Jumanji’s digital visual effects were ambitious. A herd of rhinos would be seen crashing through the corridors of a house. A stream of wild animals would pound through the center of a small town – this scene included the iconic shot of an elephant crushing a car. A lion would need to leap down stairs. And wild monkeys would tear up a kitchen, and then drive a car.
Johnston was not sure any of these shots would be possible, especially since many of the creatures had hairy or feathery features, which was a major challenge in VFX at the time.
“I had no confidence at first that it would work at all,” the director says. “Early tests on the lion’s mane were not confidence builders, but the team kept digging down on the tech to make it work, and I think it paid off well in the end. If you compare it to where CGI is now with textures like hair and feathers and other subtle skin surfaces, the Jumanji stuff is fairly primitive, even crude in places, but audiences are forgiving when they are engaged in the story, and hopefully they were.
“I think the biggest challenge with the CGI in Jumanji was its place in time,” Johnston adds. “If the film had been made five years earlier, before the groundbreaking CG of Jurassic Park, everything would have been done with animatronics, puppets and wire and rod removal.
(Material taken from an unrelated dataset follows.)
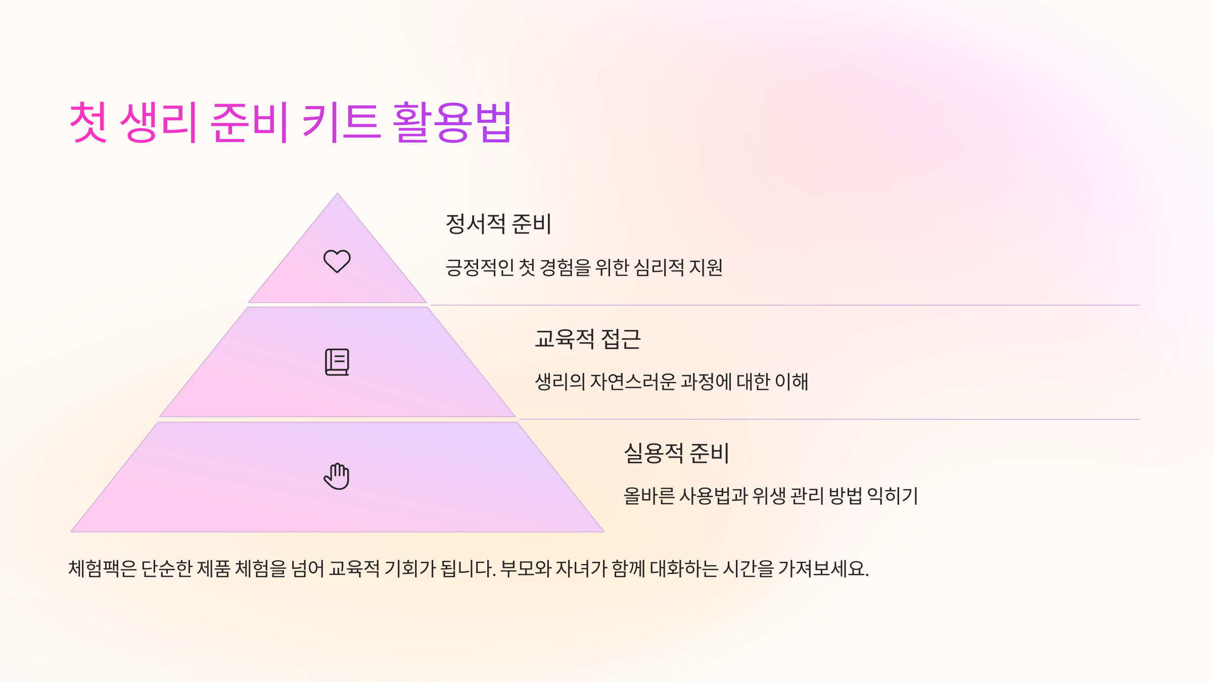 첫 생리는 우리 아이에게 커다란 신체적 변화이자 감정의 전환점이에요. 그래서 단순한 생리대 체험팩을 넘어서, '첫 생리 준비 키트'로 구성해 주면 훨씬 의미 있는 경험이 될 수 있어요. 단지 생리대를 넣는 게 아니라, 아이의 불안을 줄여주고 궁금증을 해소해주는 구성으로 만드는 거죠. 🎀
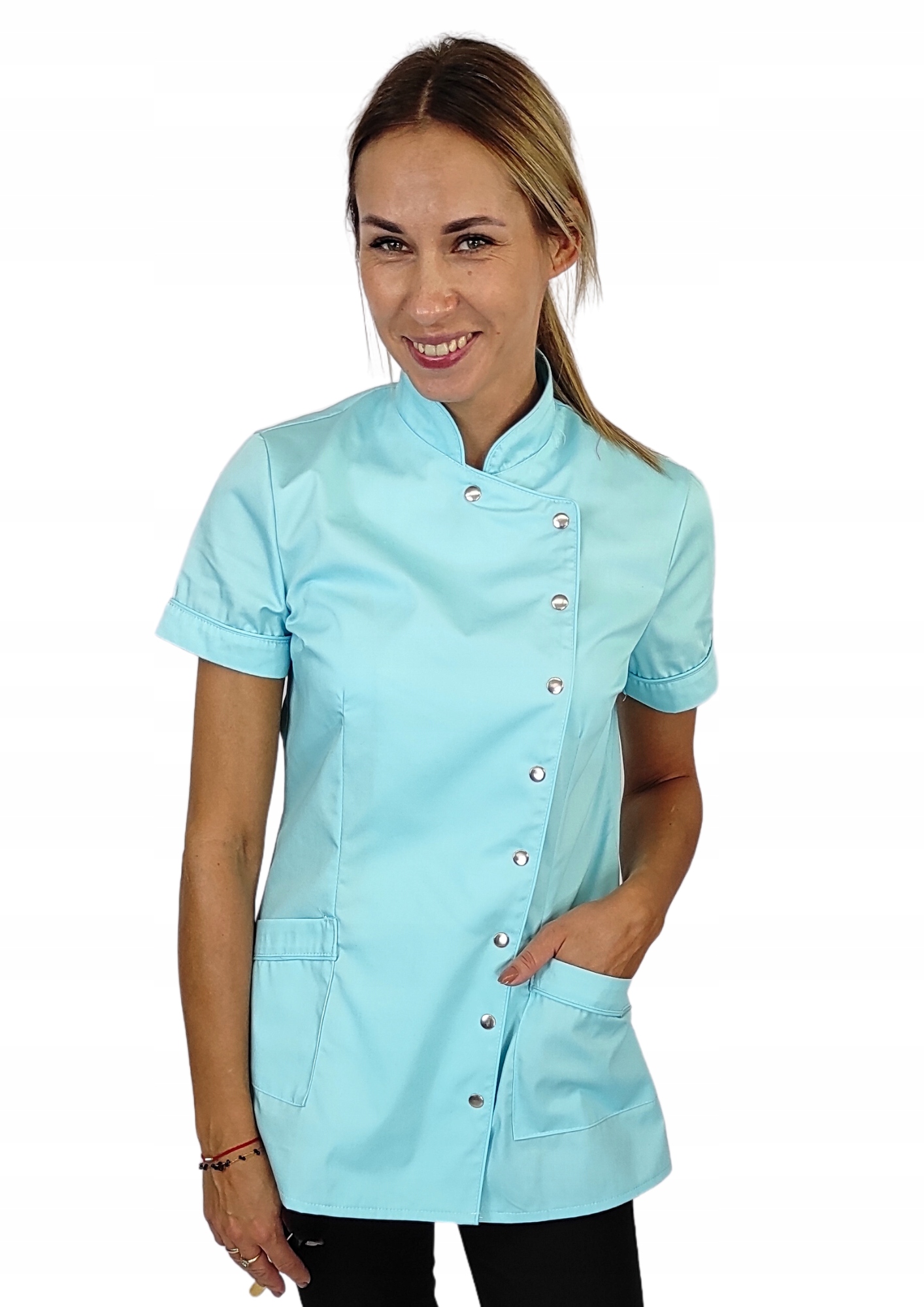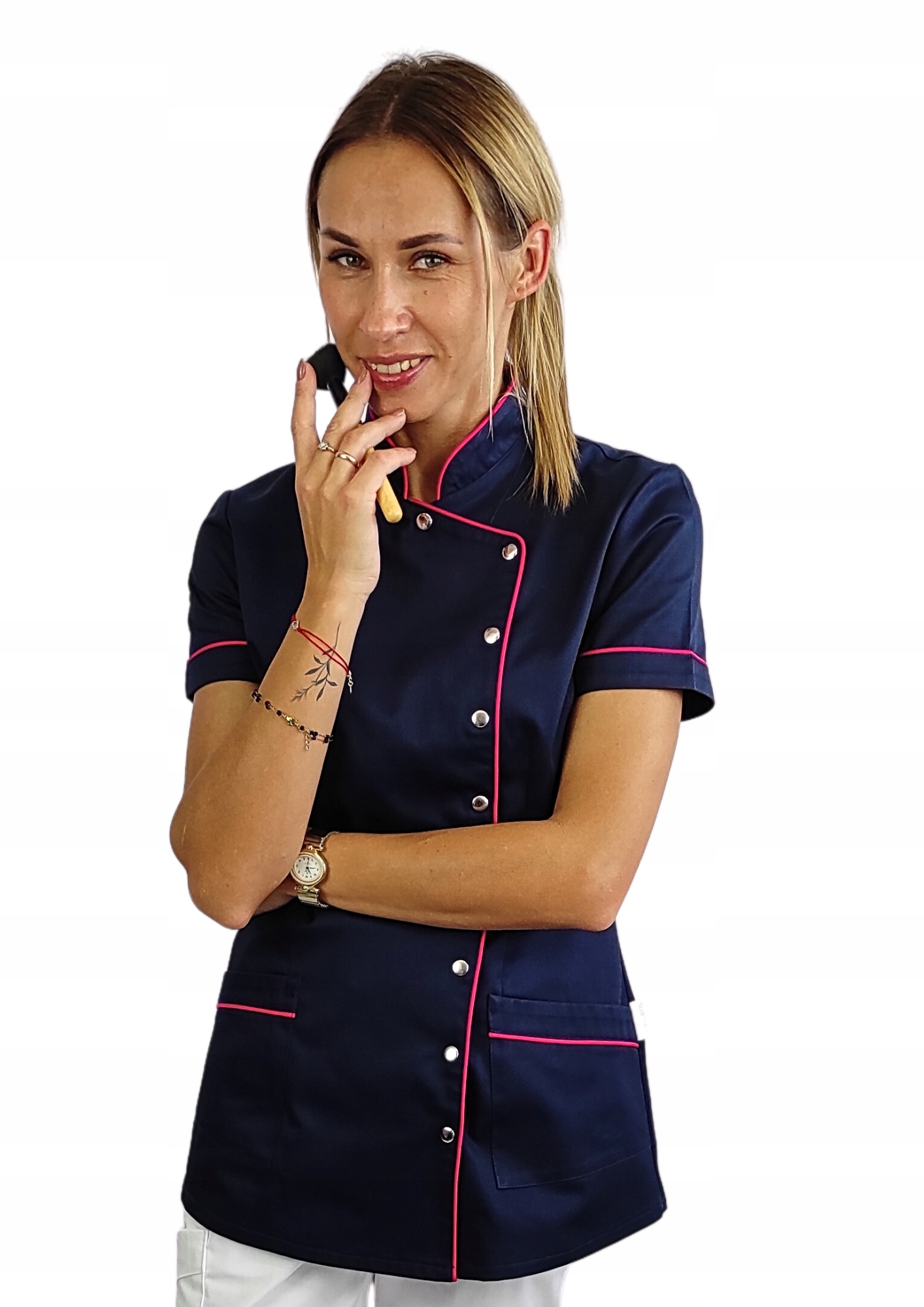 Косметическая туника с воротником стойкой, застегивающимся на удобные и легко застегивающиеся кнопки. Темно-синяя униформа, подчеркнутая золотыми кнопками – что еще больше подчеркивает красивый и приталенный крой, не облегающий фигуру, но в то же время подчеркивающий женственность фигуры. Удобные рукава не стесняют движений во время процедур. Косметологическая туника также имеет два боковых и очень практичных кармана, чрезвычайно полезных в повседневной работе косметолога.

Five years later everything would probably have been CGI.
“We were at a point where we could do some of the creatures in CGI that would have been the most difficult, but we couldn’t afford to do them all,” he explains, “so the spiders, the crocodile and some of the vines became animatronic. The lion and pelican had to exist in both worlds. The monkeys were all CG. The bats were CG except for one shot where it lands on young Sara’s shoulder.”